Je me suis réveillée tôt, pour satisfaire mes pulsions d’écriture. Sur mon vélo miniature, je me promène dans la ville, émerveillée de passer sous la célèbre porte de Brandebourg sans l’ombre d’un seul touriste, de pouvoir admirer les restes du Mur sur fond de pépiements d’oiseaux. Je suis toute seule dans la ville immense. L’une des plus grandes villes d’Europe, étirée comme une gigantesque pâte à tarte, qui fait huit fois la taille de Paris…

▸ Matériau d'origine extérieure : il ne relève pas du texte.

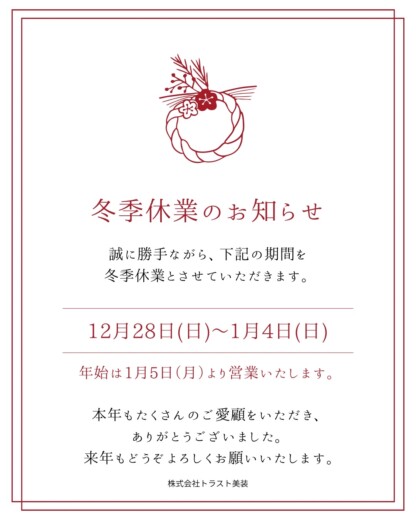 - 2025.12.26お知らせ年末年始休暇のお知らせ
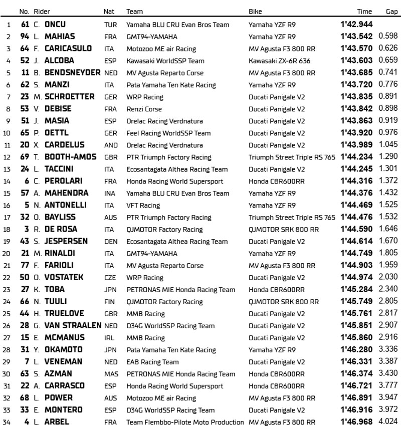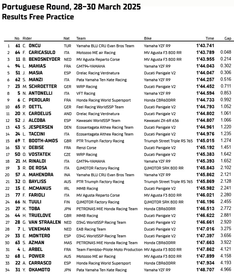 Le matin, la FP1 au Portugal avait déjà donné un avant-goût de la journée, Can Öncü affichant le meilleur temps en 1’43.741 devant les deux MV Agusta F3 800 RR de Federico Caricasulo (Motozoo ME air Racing) et Bo Bendsneyder (MV Agusta Reparto Corse), suivi, déjà de Lucas Mahias.
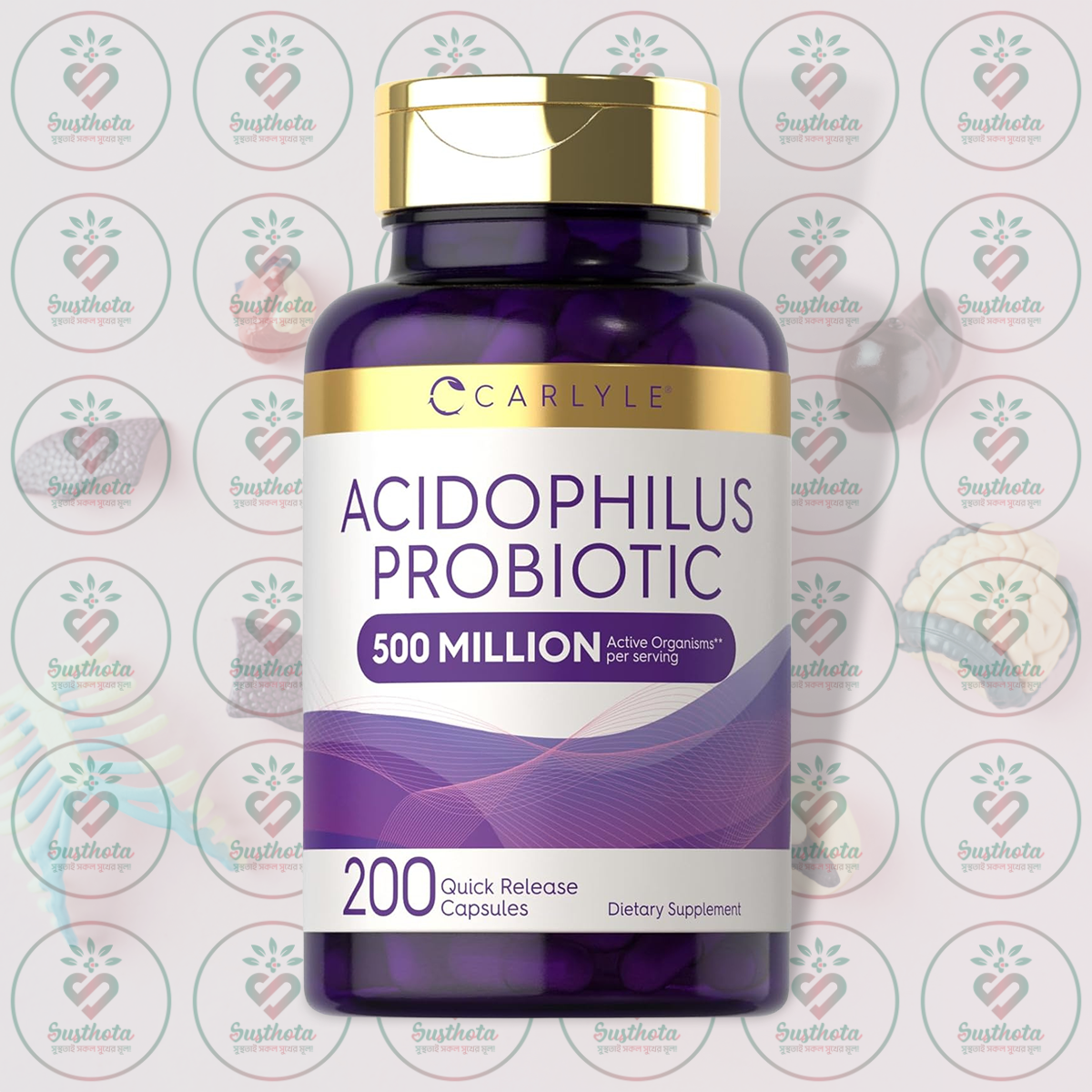 Carlyle Acidophilus Probiotic - 500 Million CFU - 200 Quick Release Capsules is now available in Bangladesh at Susthota. This premium probiotic supplement is formulated with Lactobacillus acidophilus to support digestive health and immune function naturally. It contains 500 million active organisms per serving for optimal gut health support. With 200 quick release capsules providing 100 servings, it offers exceptional value and convenience for daily supplementation. Carlyle Acidophilus Probiotic is now available at the lowest price in our shop, ensuring accessibility for health-conscious individuals. Order authentic Acidophilus Probiotic from our shop today at the cheapest price in BD. Call our helpline to know the latest price and availability of the original Carlyle Acidophilus Probiotic in Bangladesh. Experience the remarkable benefits of optimal digestive wellness, now available in BD.
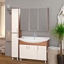 Нет в наличииГарнитур для ванной Misty Лада 105 – массивная вместительная мебель, которая подойдет для классических интерьеров. Теплый древесный оттенок интересно сочетается с белоснежными дверцами на фасадах. Элегантность дизайна подчеркивают хромированные ручки дугообразной формы. Тумба характеризуется прямой конструкцией с распашными дверцами, где расположены четыре отсека для хранения. В навесном шкафчике полки спрятаны за тремя зеркальными створками. Длинная фаянсовая раковина сделает ежедневные гигиенические процедуры комфортными.

En remontant du quartier de Mitte vers celui de Kreuzberg, on passe devant non loin du Reichstag, du Mur, de Checkpoint Charlie, de la porte de Brandebourg. Tous ces lieux hautement touristiques sont généralement, au mois de mai, saturés de cars de touristes et de marchands de cochonneries en plastique à la sauvette. Mais pas à 5h30 du matin… C’est là que ces endroits de la ville reprennent leur dimension historique et leur poésie. Dans la lumière rose de l’aube.

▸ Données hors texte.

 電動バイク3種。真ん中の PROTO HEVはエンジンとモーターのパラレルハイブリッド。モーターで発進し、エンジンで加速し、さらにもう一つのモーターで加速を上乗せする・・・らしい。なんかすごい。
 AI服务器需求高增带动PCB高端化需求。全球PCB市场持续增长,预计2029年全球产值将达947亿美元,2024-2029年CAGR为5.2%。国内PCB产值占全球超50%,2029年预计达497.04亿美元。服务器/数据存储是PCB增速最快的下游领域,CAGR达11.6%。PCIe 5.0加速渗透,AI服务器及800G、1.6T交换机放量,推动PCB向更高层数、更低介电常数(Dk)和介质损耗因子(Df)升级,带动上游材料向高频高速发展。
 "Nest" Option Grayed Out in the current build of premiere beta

Je pédale tranquillement, je sifflote, prenant des photos à la volée avec mon téléphone portable, pour garder une trace intime de ce silence urbain. Et puis tout à coup, j’aperçois un parking désert où ne sont garées que des Trabant, ces petites voitures fabriquées pour l’Allemagne de l’Est au temps du Mur de Berlin. Il s’agit du point de départ et de location du Trabi-Safari, une visite de guidée que les touristes effectuent au volant d’une de ces petites voitures. C’est évidemment un peu kitsch, un peu nul, et cela participe à l' »Ostalgie », cette tendance à exploiter les attributs culturels de l’ex-RDA pour en faire des objets de consommation purs. L’Ostalgie est une tendance qui a été fortement soutenue par le succès (mérité tout de même) du film Goodbye Lenin.

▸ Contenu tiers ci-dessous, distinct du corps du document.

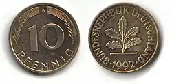 1. (money) a German ten-pfennig coin, a ten-pfennig piece

Mais là, baignant dans l’aube tiède de printemps, toutes enveloppées de cette lumière mystérieuse, les petites Trabis avaient l’air désolé. Comme abandonnées par les touristes ingrats, sur leur place de parking. Si les voitures n’avaient pas été peintes dans des couleurs improbables, si elles n’avaient pas porté le logo « Trabi-Safari », on se serait cru en RDA. Quand les Trabants étaient les seules voitures autorisées à rouler dans le pays, et que les rues étaient vides. Vides de joie populaire, vides de liberté. Je les ai prises en photo pour vous les montrer : n’ont-elle pas l’air triste?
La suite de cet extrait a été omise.